── INFORMATION PROVIDED

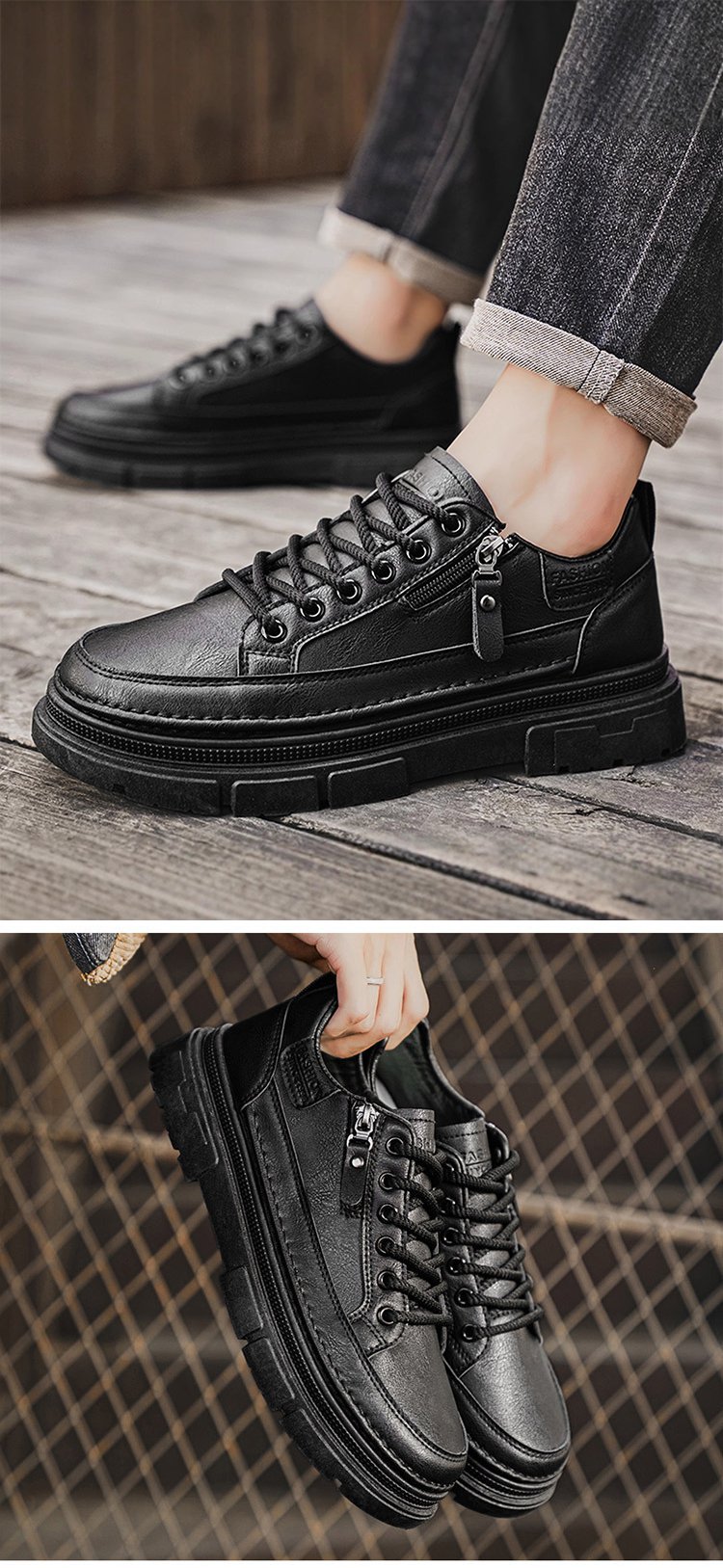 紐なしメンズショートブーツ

────
── INFORMATION PROVIDED

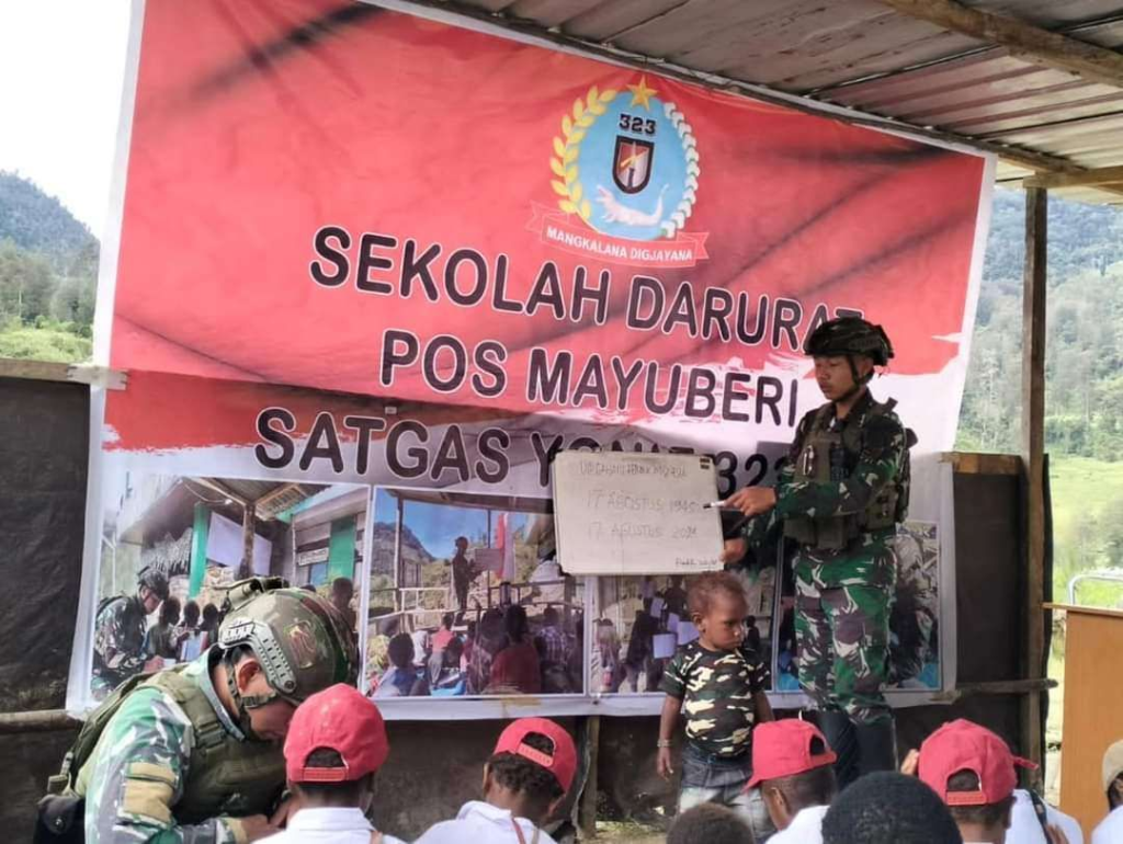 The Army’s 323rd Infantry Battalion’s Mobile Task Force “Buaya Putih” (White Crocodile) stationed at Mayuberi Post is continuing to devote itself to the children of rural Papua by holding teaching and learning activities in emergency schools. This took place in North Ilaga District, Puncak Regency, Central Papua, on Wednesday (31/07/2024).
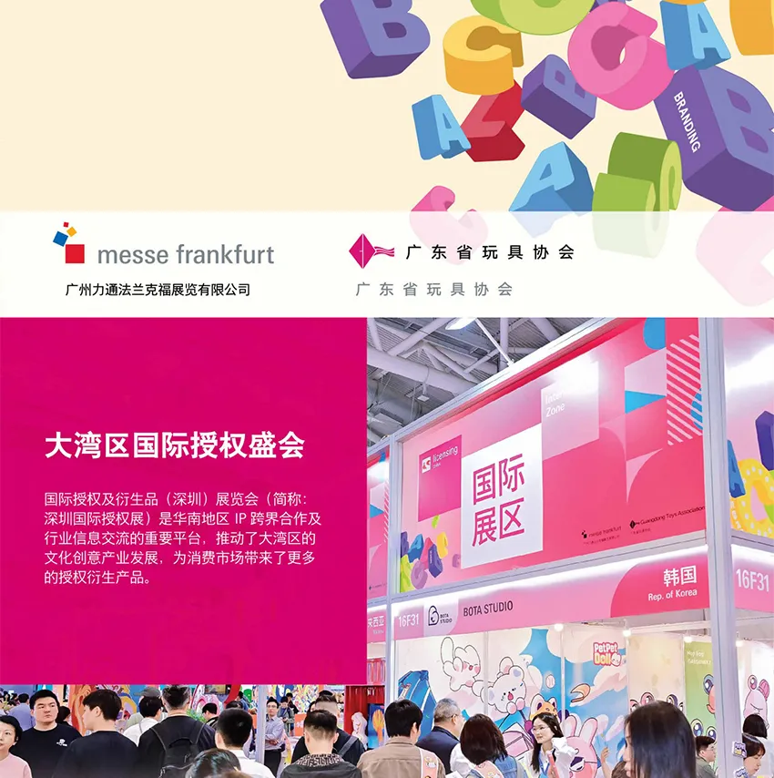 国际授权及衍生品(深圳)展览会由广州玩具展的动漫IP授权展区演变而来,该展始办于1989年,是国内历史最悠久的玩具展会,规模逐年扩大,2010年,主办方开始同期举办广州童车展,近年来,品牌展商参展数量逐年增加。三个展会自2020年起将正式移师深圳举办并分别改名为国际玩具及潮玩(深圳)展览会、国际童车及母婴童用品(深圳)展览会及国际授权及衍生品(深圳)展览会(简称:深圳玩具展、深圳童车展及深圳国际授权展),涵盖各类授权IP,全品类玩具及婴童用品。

────
── INFORMATION PROVIDED

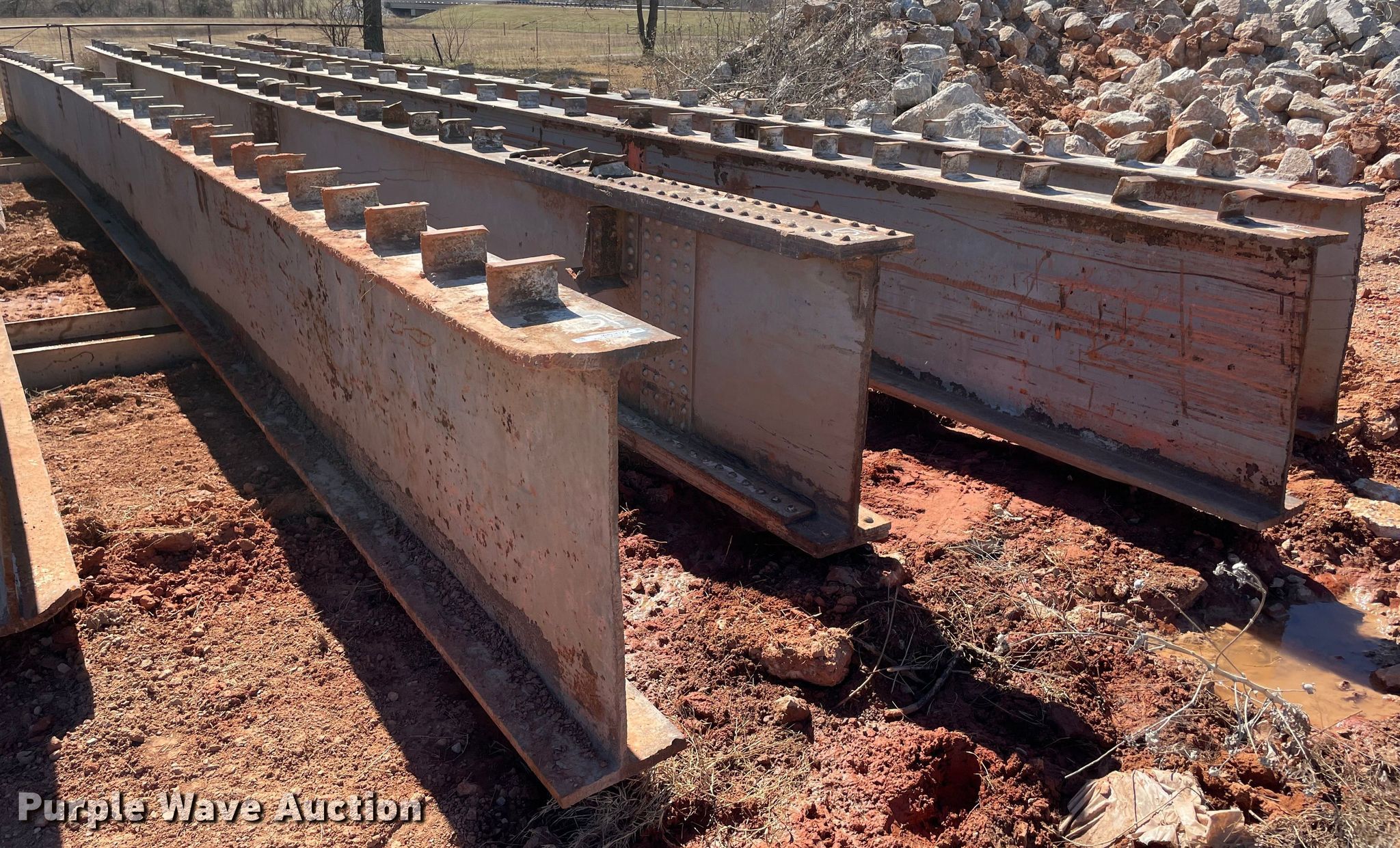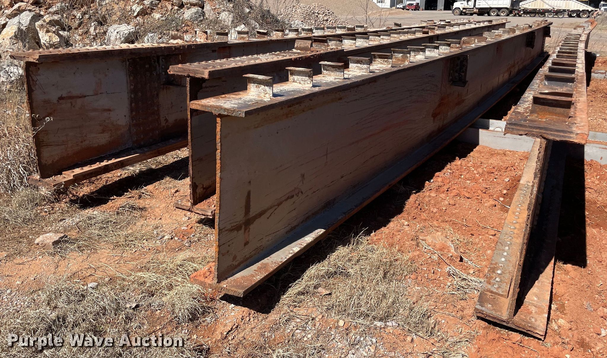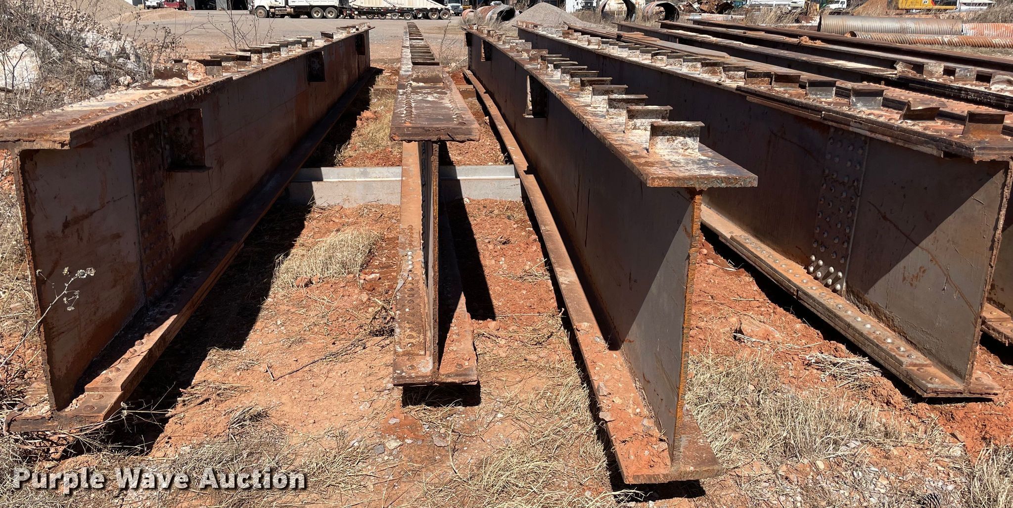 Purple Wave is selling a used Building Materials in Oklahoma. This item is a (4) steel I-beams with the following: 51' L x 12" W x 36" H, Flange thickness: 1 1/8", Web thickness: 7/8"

────

• _WHAT YOU ARE ASKED TO DO_
In the data above, take the line with "The Army’s 323rd", the line with "国际授权及衍生品(深圳)展览会由广州玩具", and every line between, and set them down exactly without pictures.

• _RESPONSE AREA_
 The Army’s 323rd Infantry Battalion’s Mobile Task Force “Buaya Putih” (White Crocodile) stationed at Mayuberi Post is continuing to devote itself to the children of rural Papua by holding teaching and learning activities in emergency schools. This took place in North Ilaga District, Puncak Regency, Central Papua, on Wednesday (31/07/2024).
 国际授权及衍生品(深圳)展览会由广州玩具展的动漫IP授权展区演变而来,该展始办于1989年,是国内历史最悠久的玩具展会,规模逐年扩大,2010年,主办方开始同期举办广州童车展,近年来,品牌展商参展数量逐年增加。三个展会自2020年起将正式移师深圳举办并分别改名为国际玩具及潮玩(深圳)展览会、国际童车及母婴童用品(深圳)展览会及国际授权及衍生品(深圳)展览会(简称:深圳玩具展、深圳童车展及深圳国际授权展),涵盖各类授权IP,全品类玩具及婴童用品。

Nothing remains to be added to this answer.